Electric sunset. (8)
The narrative running throughout is a story of someone returning to the island after seven years, reuniting with his brother. Some common threads are starlings, sodium-vapor lamps, and canals, seen all together here (10/11):
and the dock cranes, new since
democracy, frame the sea as if
to lower the sun, a starboard-red
container, beyond the coastal shelf.
We learn that Xamissa means ‘place of sweet waters,’ with those reservoirs underneath called (to the poet) ‘the water archives’ (13). The poetry makes use of line, and space, and grammatical uncertainty; poems tend to end mid-phrase, quote attribution parentheses remain open. This adds to the sense of flow, of permeation, and, shared as these characteristics are between water and memory, of the present place as already part of history.

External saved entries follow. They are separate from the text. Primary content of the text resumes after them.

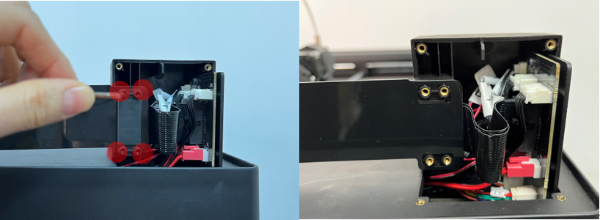 4. Install the PC cable support and the spacer. Put the PC cable support on the front cover, and put the spacer on it. Install the 4 screws on the spacer of the front cover with the 2.5 mm hex wrench, and install the spacer.
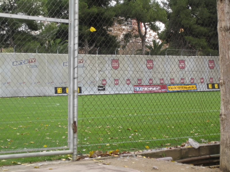 しばらくして、場内がざわめき始めた。選手が出てきたようだ。でも、水色のユニフォーム。これはマラガだね。向かって左側がホームチームの練習場所だと思っていたのだが、どうやら逆の様子。マラガの選手は一人もしらないなあ。うーん、反対側に行こうかなあ、と思っているうちに、大歓声が上がりバルサの選手登場。これは近くに行かなければ。人を掻き分けてできるだけ近くまで行ってみよう。うーん、よく見えるぞ。あれはどうみてもロナウジーニョ。デコとウォーミングアップだ。おお、あれはエトオ。タクシー出勤のエトオだ。プジョルもいるし、シャビもいるし、各国の代表クラスが目の前にいるのだ。ラーションが怪我でいないのが残念だが・・・そろそろ練習が終わりそうだ。席に戻りますか。
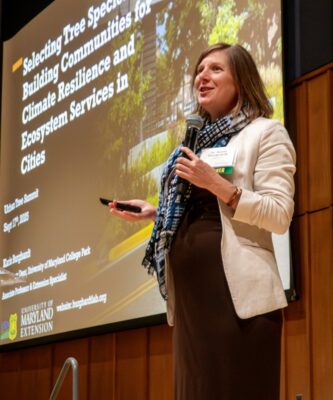 Rounding out the panel, Mia Rothberg of the Montgomery County Planning Department highlighted the role of legislation in shaping conservation programs. From the state’s Forest Conservation Act to the county’s Forest Conservation Law, these policies fund reforestation and tree planting programs that preserve forests and meet mitigation goals.
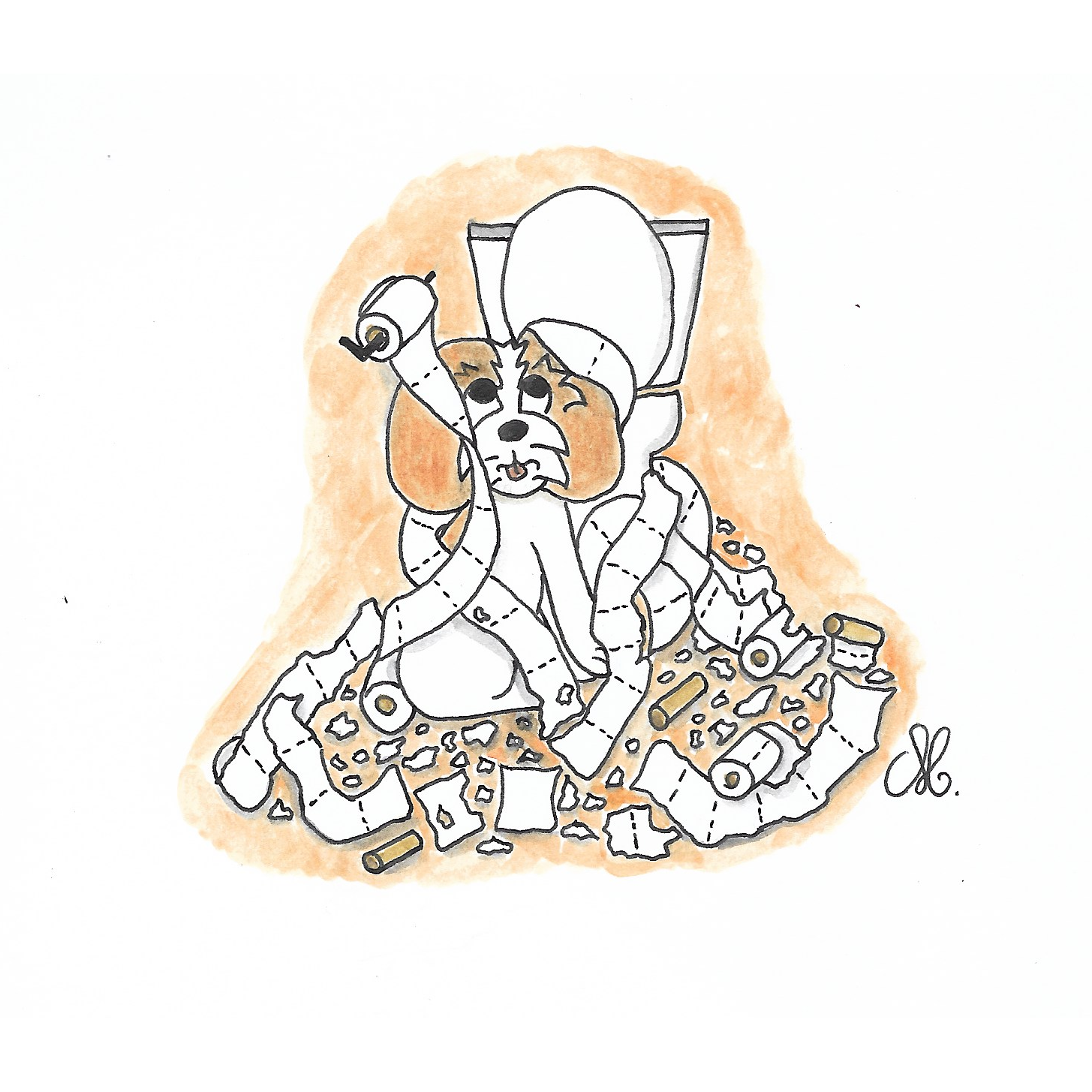 Il était une fois un petit chien espiègle nommé Ecco, qui adorait s’amuser avec tout ce qu’il trouvait. Mais attention ! Il y avait une chose qu’on ne devait jamais laisser à sa portée : les rouleaux de papier toilette !
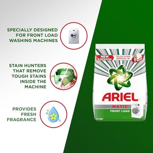 - Ariel Matic Detergent Powder delivers exceptional cleaning results in a single wash. It effectively removes stubborn stains such as tea, coffee, and tomato. This detergent has been specifically formulated for front-loading fully automatic washing machines.
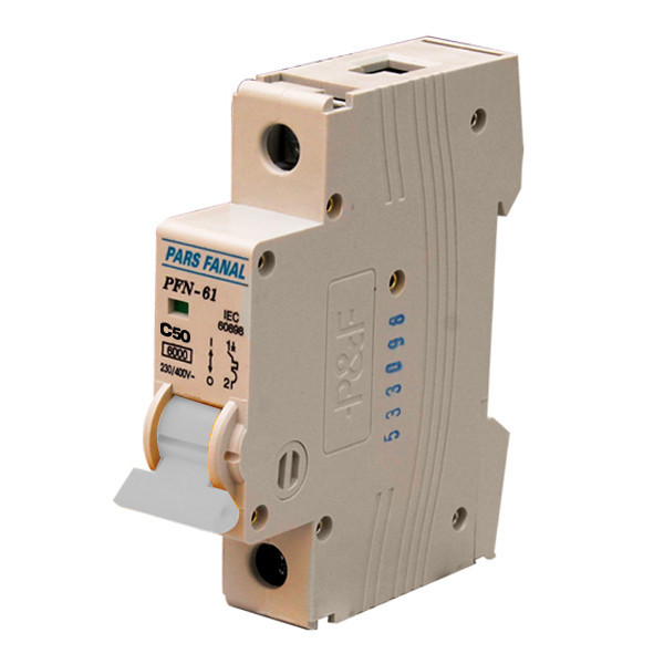 کلید مینیاتوری (MCB ) وسیله ای حفاظتی است که از تجهیزات الکتریکی و صنعتی در برابر آسیب های ناشی از اضافه بار و یا اتصال کوتاه محافظت می نماید.کلید های مینیاتوری جریان متناوب پارس فانال در سه تیپ روشنایی (B) ، موتوری (C) و سخت موتوری (D) در انواع تک پل ، تک پل با نول (1P+N) ، دو پل ، سه پل ، سه پل با نول (3P+N) و چهار پل تولید می شوند. این محصول کلید مینیاتوری تک فاز 50 آمپر تیپ C با ظرفیت قطع 6KA می باشد.
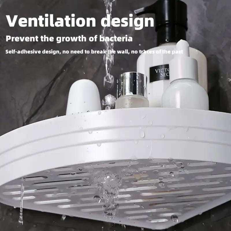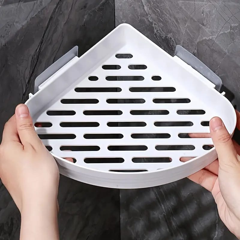 Easy-Install Corner Shower Caddy - Wall-Mounted Plastic Shelf with Drain Holes for Bathroom & Kitchen Storage, Perfect for Shampoo & Condiments
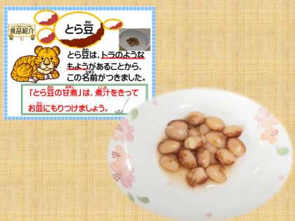 今日は,特に4月当初に比べて,子どもたちの食べる力がついていることを強く感じる事ができました。それは,家庭ではあまり食べなれていない『とら豆の甘煮』なども残さず食べられていることからも感じます。『とうふの吉野汁』では,「しょうが」のしぼり汁が入っていて少し大人の味のようにも感じますが,「だしがきいて あったかくておいしい。」と言っている1年生がいるほどです。
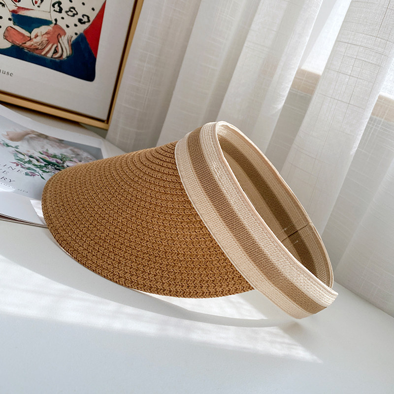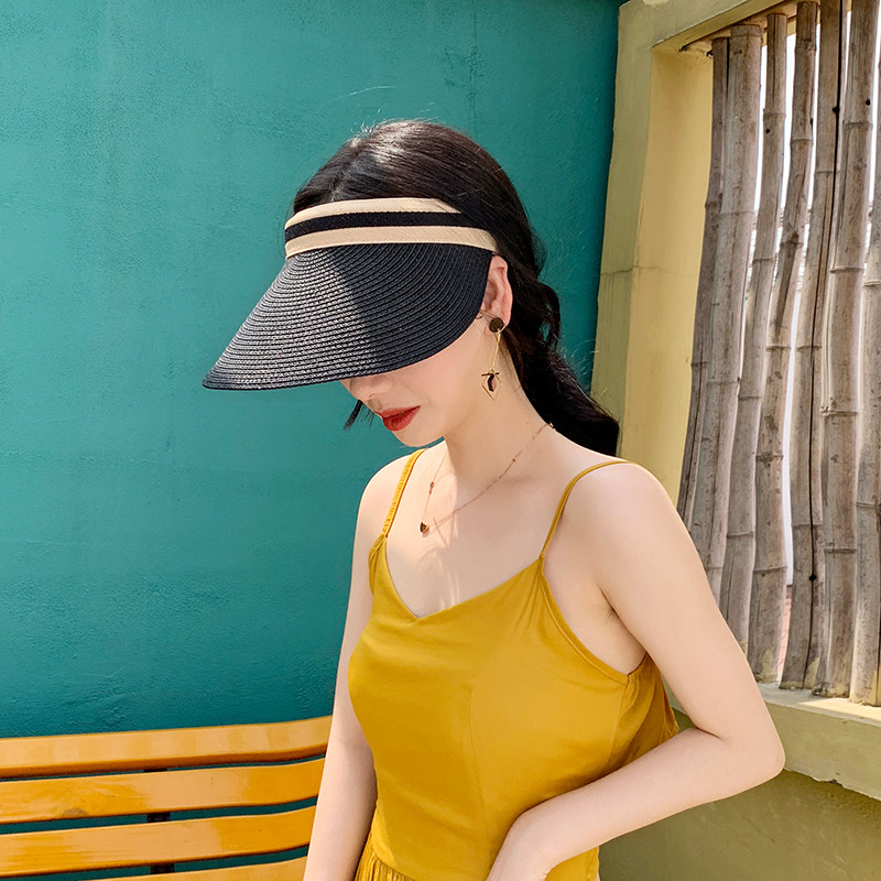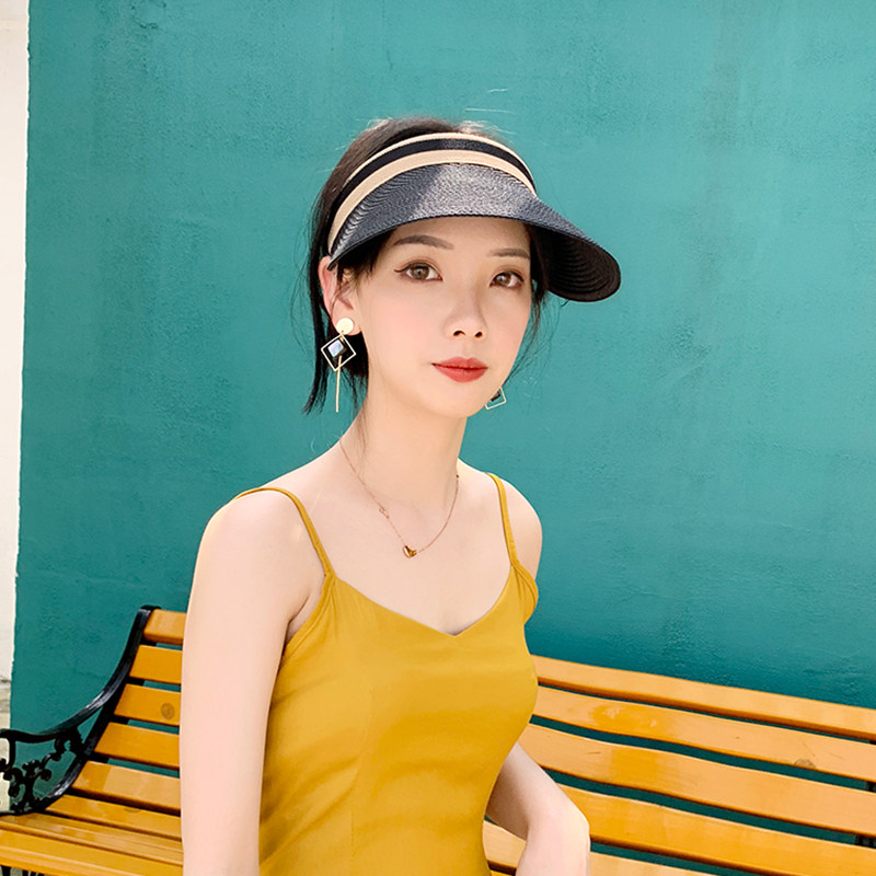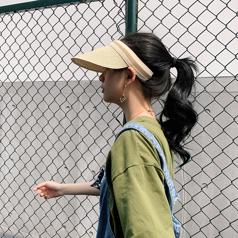 Sun hat women's sunscreen empty top hat Summer Korean version of the travel cool hat Beach straw hat Cycling hairless hoop sun hat
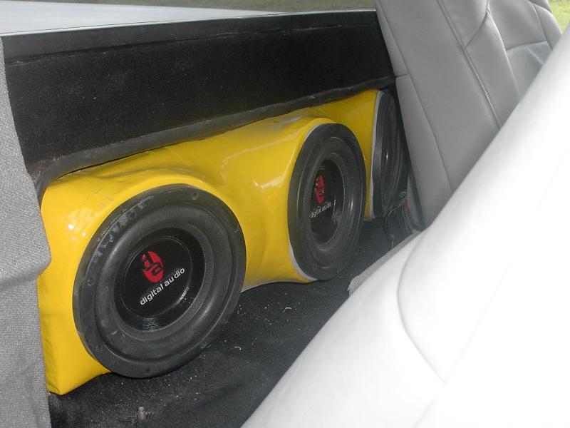3-8" Digital audio subs built in custom fiberglass box by Eric at Low Budget Audio,1-MTX 425Watt amp,Sony Xplode mids and highs
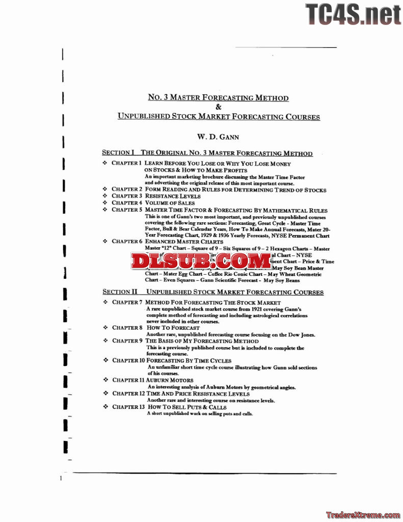 W D Gann Master Forecasting Method And Unpublished Stock Market Forecasting Courses

Through ruminations about the layers of past that still remain, that still throb under the newest layer of city skin, we get to the third poem, the titular Water Archives. Here we see that the language itself is meant to be representative, with referent (27):
Xamissa is sprachbund, city of utterance
and creole echoes, none more Xamissa than
the dialectic of now-now and just now
and (32)
a liminal city afoot on the seabed for
a tidal instant, without
foam of whiteness. (32)
There’s a lot to unpack here, in the best way; I want to touch, just for a last moment, on the idea of ‘a city of utterance.’ The phrase brings to mind jokes in which the punchline rests on the fact that no one would think the doctor was a woman… it’s such an evocative phrase, and it brings to mind all of the settings, and hometowns, of canonical novels and their authors. But – pushing aside the ‘foam of whiteness’ that colours our literary imagination – Cape Town: a city of utterance, of course.
Rashi Rohatgi has taught for Skidmore, Kutztown, the School of Oriental and African Studies, the University of Chicago, and at various London schools. She has served as Reviews Editor at Africa in Words and Fiction Editor at Boston Accent Lit, where she convened the Accent Prize for WOC writers. She is currently Associate Professor of English at Nord University.